Exercise directions:
What needs reproducing is the run of lines in the data below starting at the line with "봉제 플립 어린이 장갑" and ending at the line with "- 【Authentic Baroque", both ends included. Copy it exactly, without pictures, and add nothing.

---

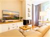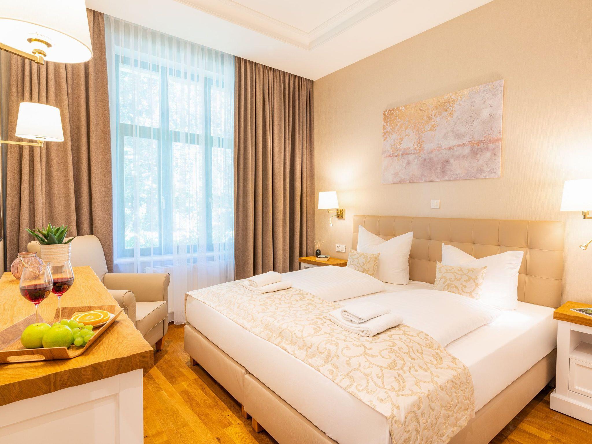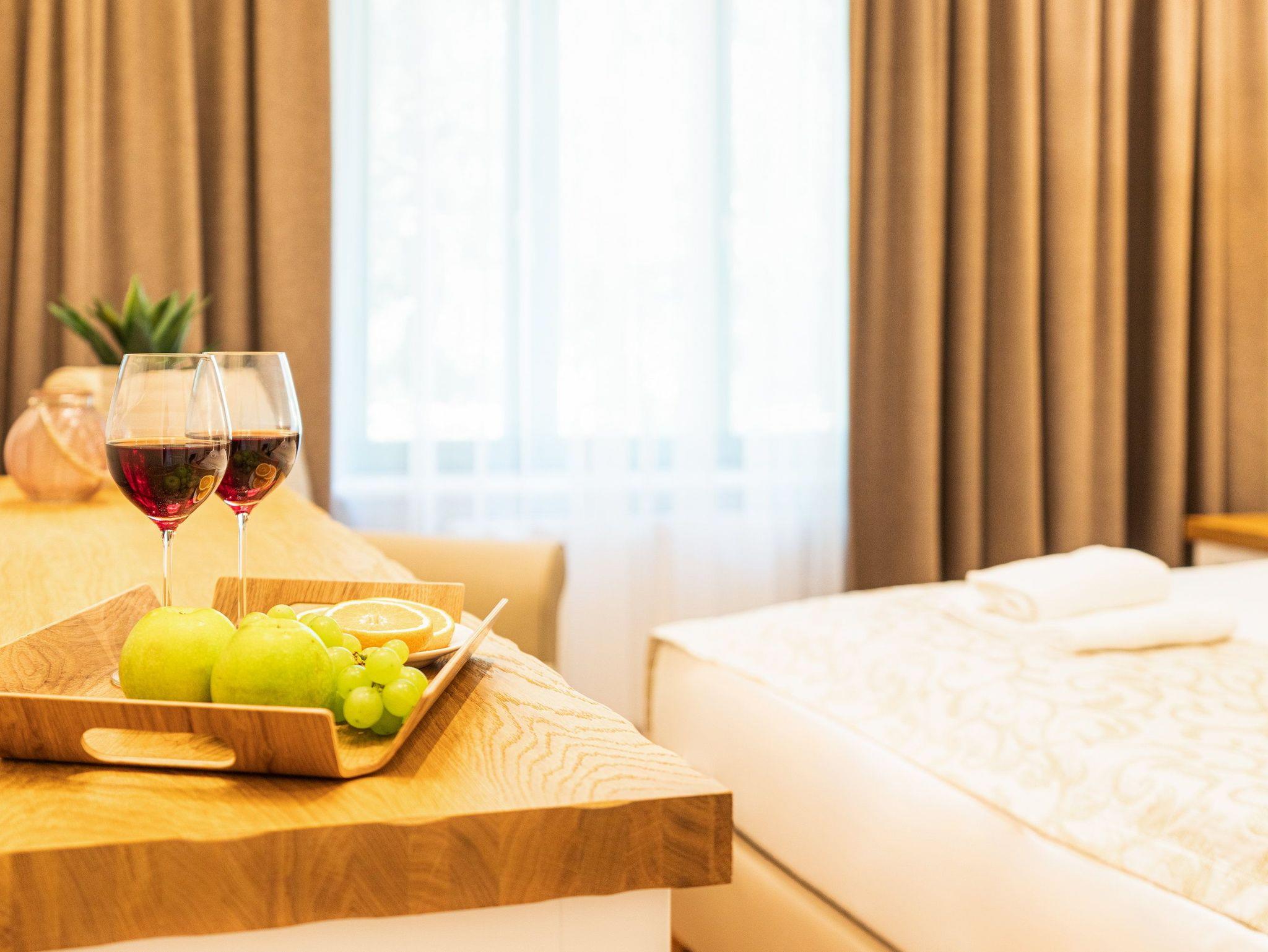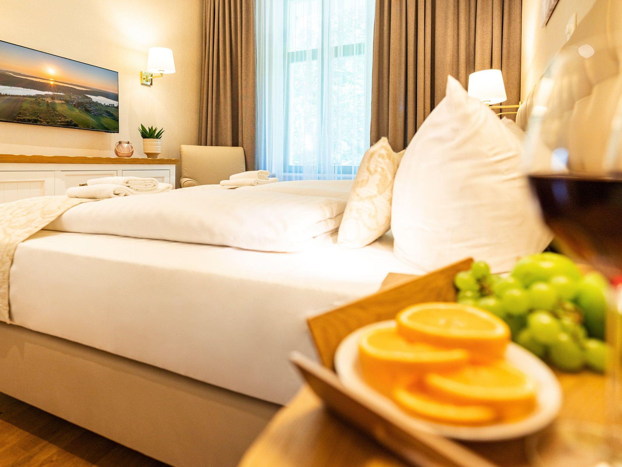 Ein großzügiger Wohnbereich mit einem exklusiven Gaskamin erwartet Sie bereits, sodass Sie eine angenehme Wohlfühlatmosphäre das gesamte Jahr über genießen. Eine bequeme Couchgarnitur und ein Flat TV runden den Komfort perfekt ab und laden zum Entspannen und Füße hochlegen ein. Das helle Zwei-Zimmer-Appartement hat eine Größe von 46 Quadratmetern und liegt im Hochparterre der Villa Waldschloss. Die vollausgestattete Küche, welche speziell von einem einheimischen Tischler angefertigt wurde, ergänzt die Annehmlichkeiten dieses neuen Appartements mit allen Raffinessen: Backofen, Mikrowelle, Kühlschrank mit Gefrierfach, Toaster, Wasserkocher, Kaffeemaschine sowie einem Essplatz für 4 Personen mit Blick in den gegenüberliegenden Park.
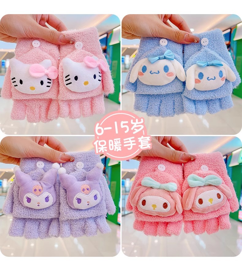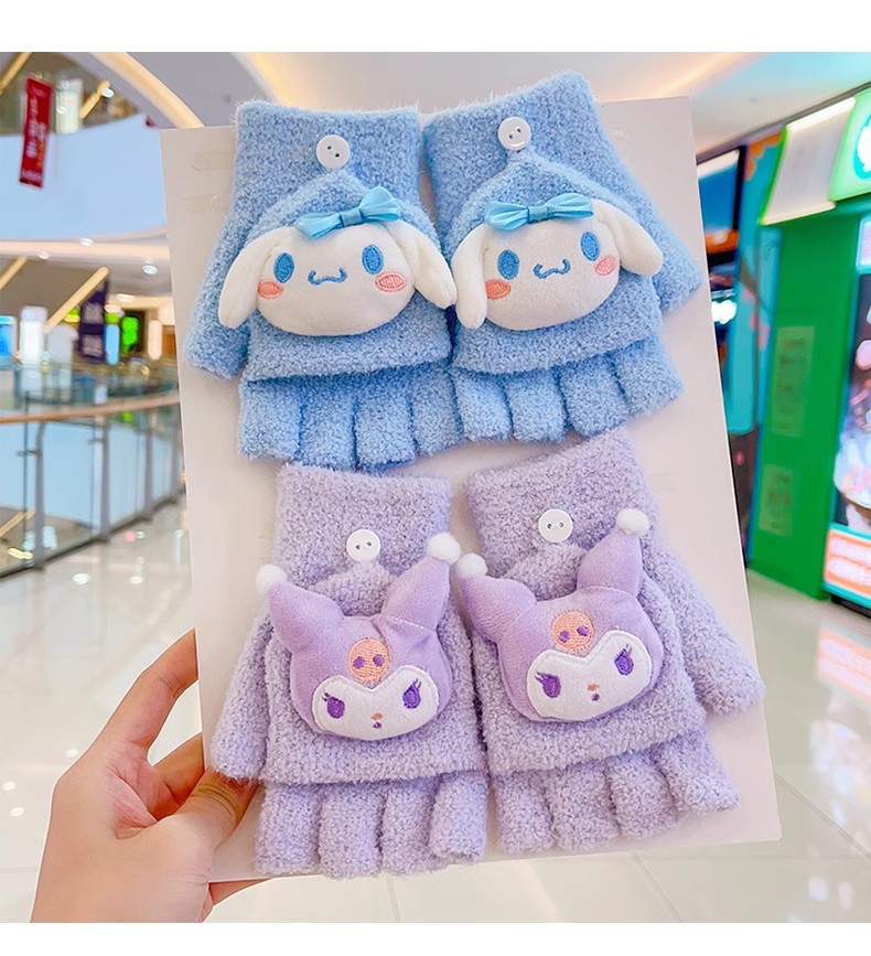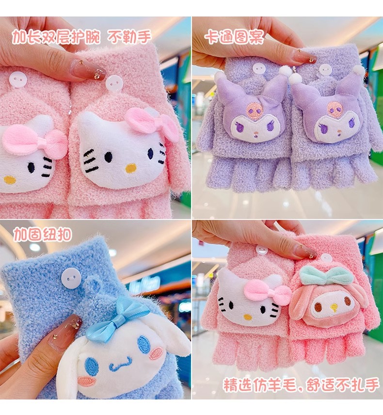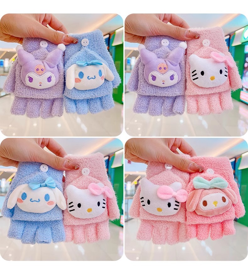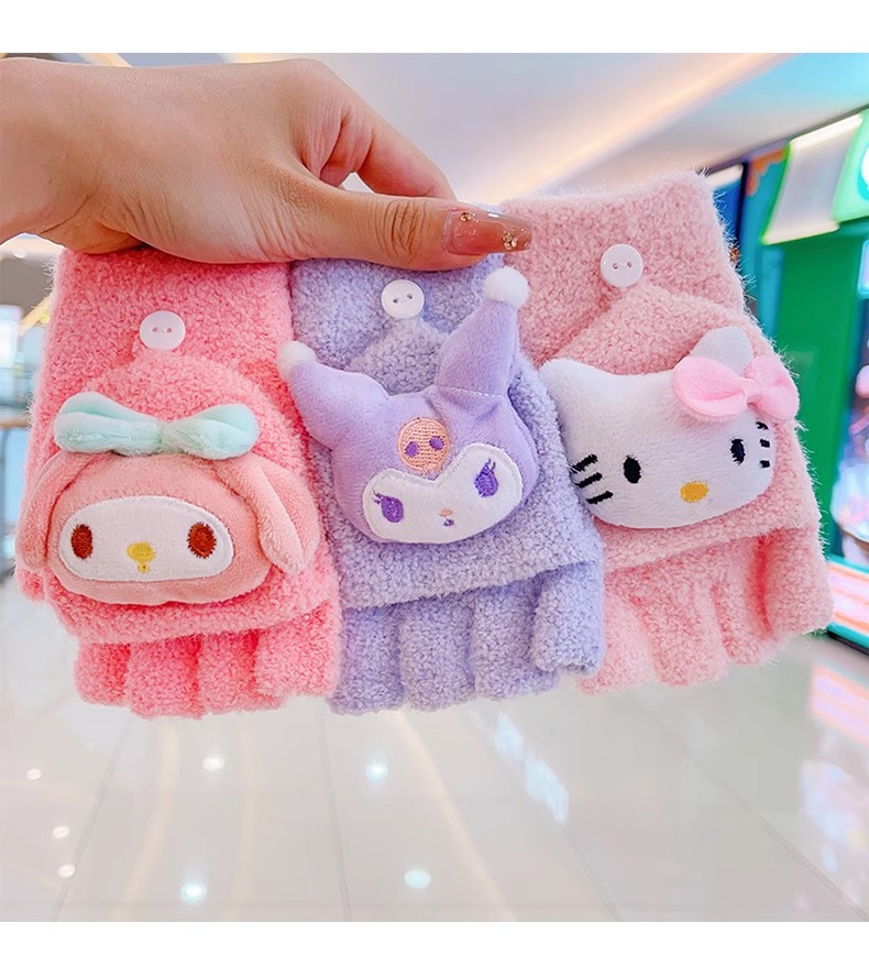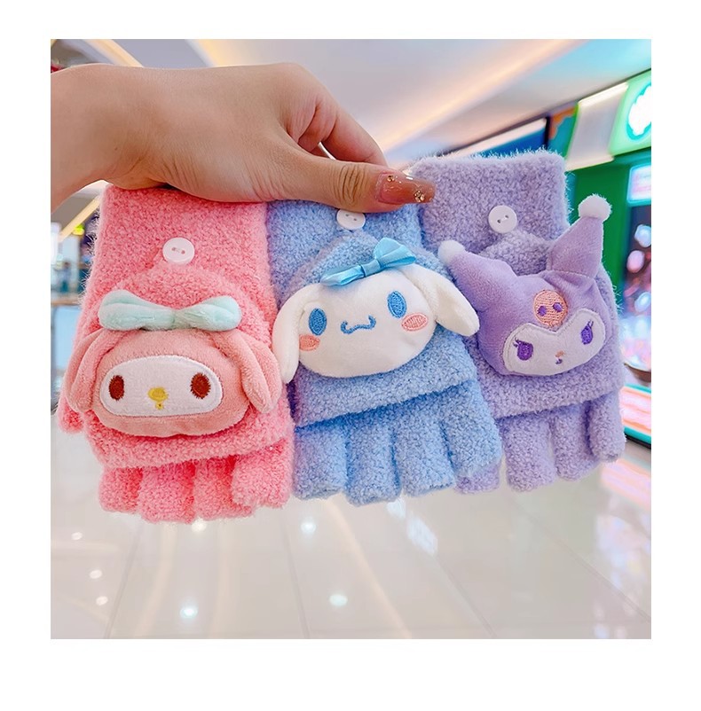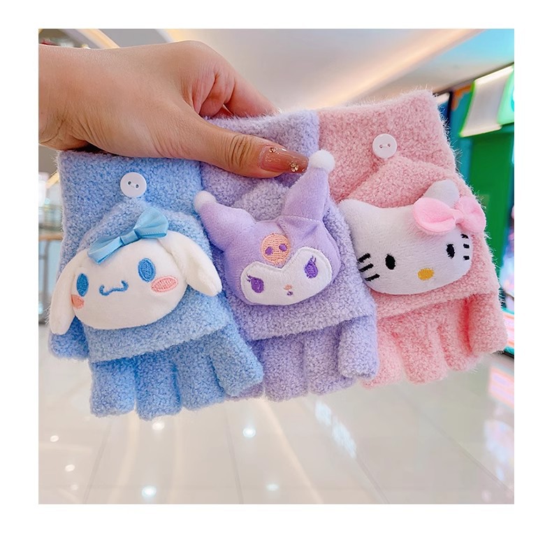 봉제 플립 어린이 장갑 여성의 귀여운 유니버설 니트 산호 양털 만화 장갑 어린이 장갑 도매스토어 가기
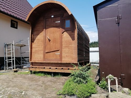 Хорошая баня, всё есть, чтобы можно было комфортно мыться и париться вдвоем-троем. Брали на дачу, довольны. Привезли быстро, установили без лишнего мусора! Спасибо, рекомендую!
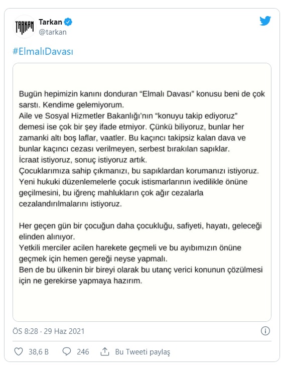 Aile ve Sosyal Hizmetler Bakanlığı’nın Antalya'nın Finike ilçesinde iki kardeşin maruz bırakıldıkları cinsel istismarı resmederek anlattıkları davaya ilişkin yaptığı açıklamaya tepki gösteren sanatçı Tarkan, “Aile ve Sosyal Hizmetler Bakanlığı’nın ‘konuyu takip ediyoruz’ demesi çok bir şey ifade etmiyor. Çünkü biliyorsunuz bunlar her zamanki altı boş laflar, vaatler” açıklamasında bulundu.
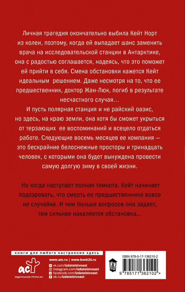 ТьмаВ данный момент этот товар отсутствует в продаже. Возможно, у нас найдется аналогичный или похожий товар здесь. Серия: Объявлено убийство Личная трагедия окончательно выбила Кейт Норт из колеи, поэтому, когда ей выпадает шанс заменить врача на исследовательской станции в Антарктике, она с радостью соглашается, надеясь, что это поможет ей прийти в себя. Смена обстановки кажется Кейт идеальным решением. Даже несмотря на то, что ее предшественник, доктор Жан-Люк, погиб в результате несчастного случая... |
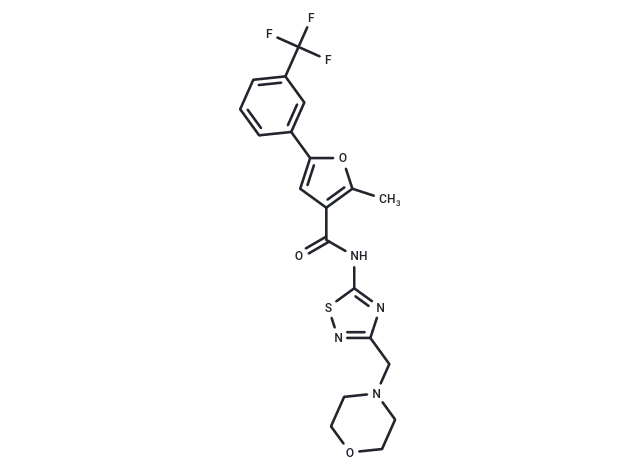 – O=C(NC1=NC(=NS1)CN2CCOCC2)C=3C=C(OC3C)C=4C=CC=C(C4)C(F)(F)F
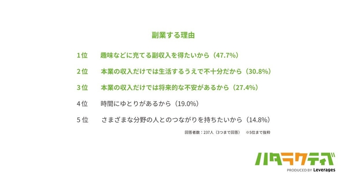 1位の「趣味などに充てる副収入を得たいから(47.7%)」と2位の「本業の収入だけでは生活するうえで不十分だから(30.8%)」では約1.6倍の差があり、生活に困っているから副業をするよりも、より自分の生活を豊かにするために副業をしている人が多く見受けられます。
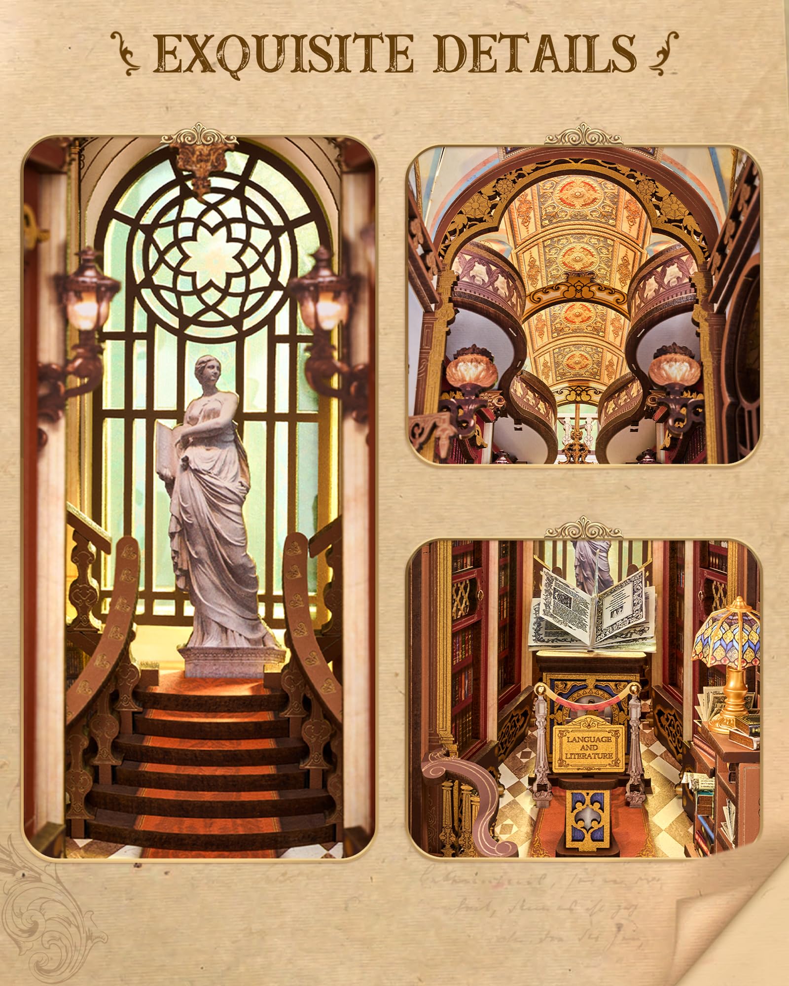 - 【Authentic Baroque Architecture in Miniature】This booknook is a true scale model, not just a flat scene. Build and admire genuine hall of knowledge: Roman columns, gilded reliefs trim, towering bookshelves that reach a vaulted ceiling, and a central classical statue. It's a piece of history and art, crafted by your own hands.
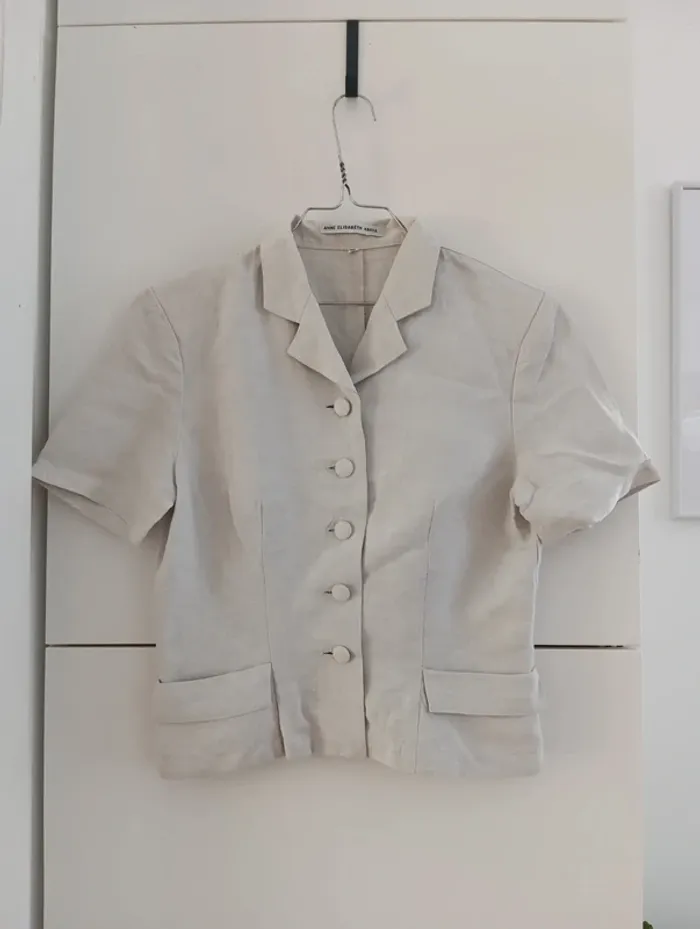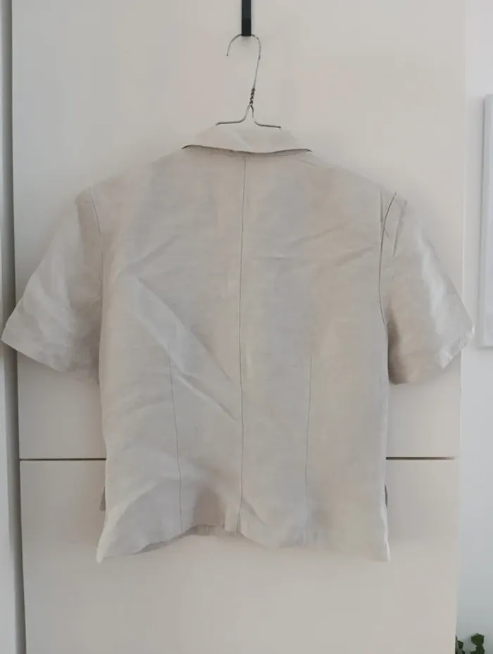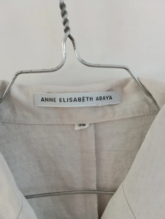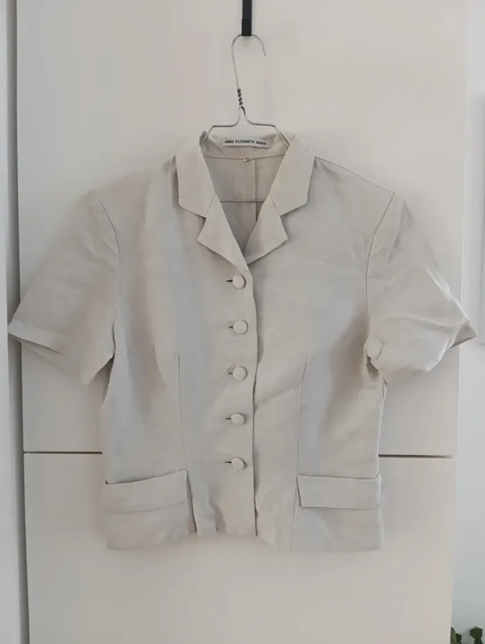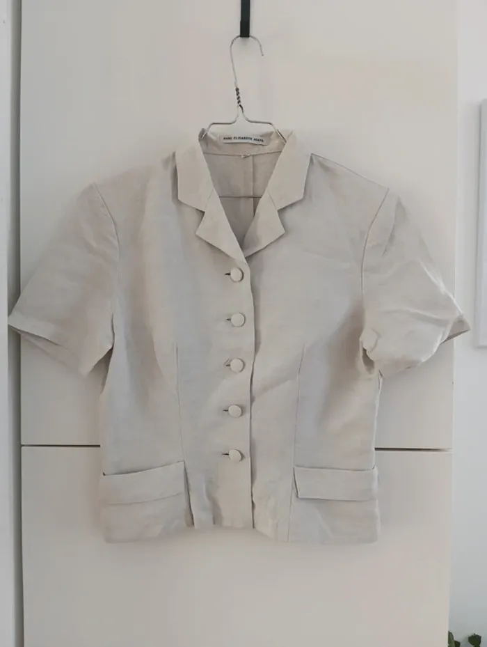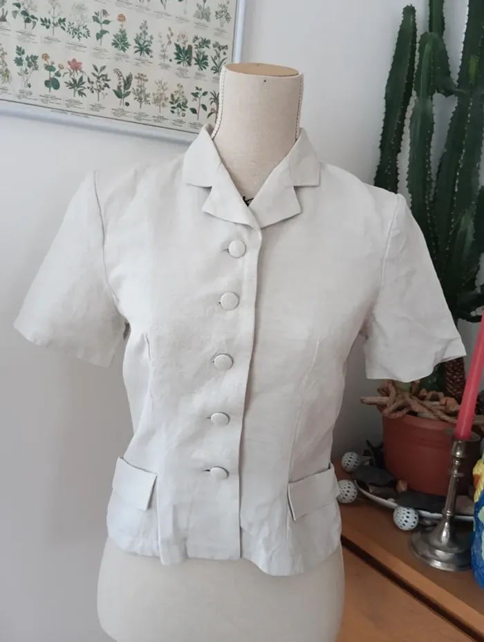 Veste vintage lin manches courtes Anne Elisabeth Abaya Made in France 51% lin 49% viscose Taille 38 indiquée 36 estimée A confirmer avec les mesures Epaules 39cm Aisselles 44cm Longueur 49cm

---

Result of this task:
 봉제 플립 어린이 장갑 여성의 귀여운 유니버설 니트 산호 양털 만화 장갑 어린이 장갑 도매스토어 가기
 Хорошая баня, всё есть, чтобы можно было комфортно мыться и париться вдвоем-троем. Брали на дачу, довольны. Привезли быстро, установили без лишнего мусора! Спасибо, рекомендую!
 Aile ve Sosyal Hizmetler Bakanlığı’nın Antalya'nın Finike ilçesinde iki kardeşin maruz bırakıldıkları cinsel istismarı resmederek anlattıkları davaya ilişkin yaptığı açıklamaya tepki gösteren sanatçı Tarkan, “Aile ve Sosyal Hizmetler Bakanlığı’nın ‘konuyu takip ediyoruz’ demesi çok bir şey ifade etmiyor. Çünkü biliyorsunuz bunlar her zamanki altı boş laflar, vaatler” açıklamasında bulundu.
 ТьмаВ данный момент этот товар отсутствует в продаже. Возможно, у нас найдется аналогичный или похожий товар здесь. Серия: Объявлено убийство Личная трагедия окончательно выбила Кейт Норт из колеи, поэтому, когда ей выпадает шанс заменить врача на исследовательской станции в Антарктике, она с радостью соглашается, надеясь, что это поможет ей прийти в себя. Смена обстановки кажется Кейт идеальным решением. Даже несмотря на то, что ее предшественник, доктор Жан-Люк, погиб в результате несчастного случая... |
 – O=C(NC1=NC(=NS1)CN2CCOCC2)C=3C=C(OC3C)C=4C=CC=C(C4)C(F)(F)F
 1位の「趣味などに充てる副収入を得たいから(47.7%)」と2位の「本業の収入だけでは生活するうえで不十分だから(30.8%)」では約1.6倍の差があり、生活に困っているから副業をするよりも、より自分の生活を豊かにするために副業をしている人が多く見受けられます。
 - 【Authentic Baroque Architecture in Miniature】This booknook is a true scale model, not just a flat scene. Build and admire genuine hall of knowledge: Roman columns, gilded reliefs trim, towering bookshelves that reach a vaulted ceiling, and a central classical statue. It's a piece of history and art, crafted by your own hands.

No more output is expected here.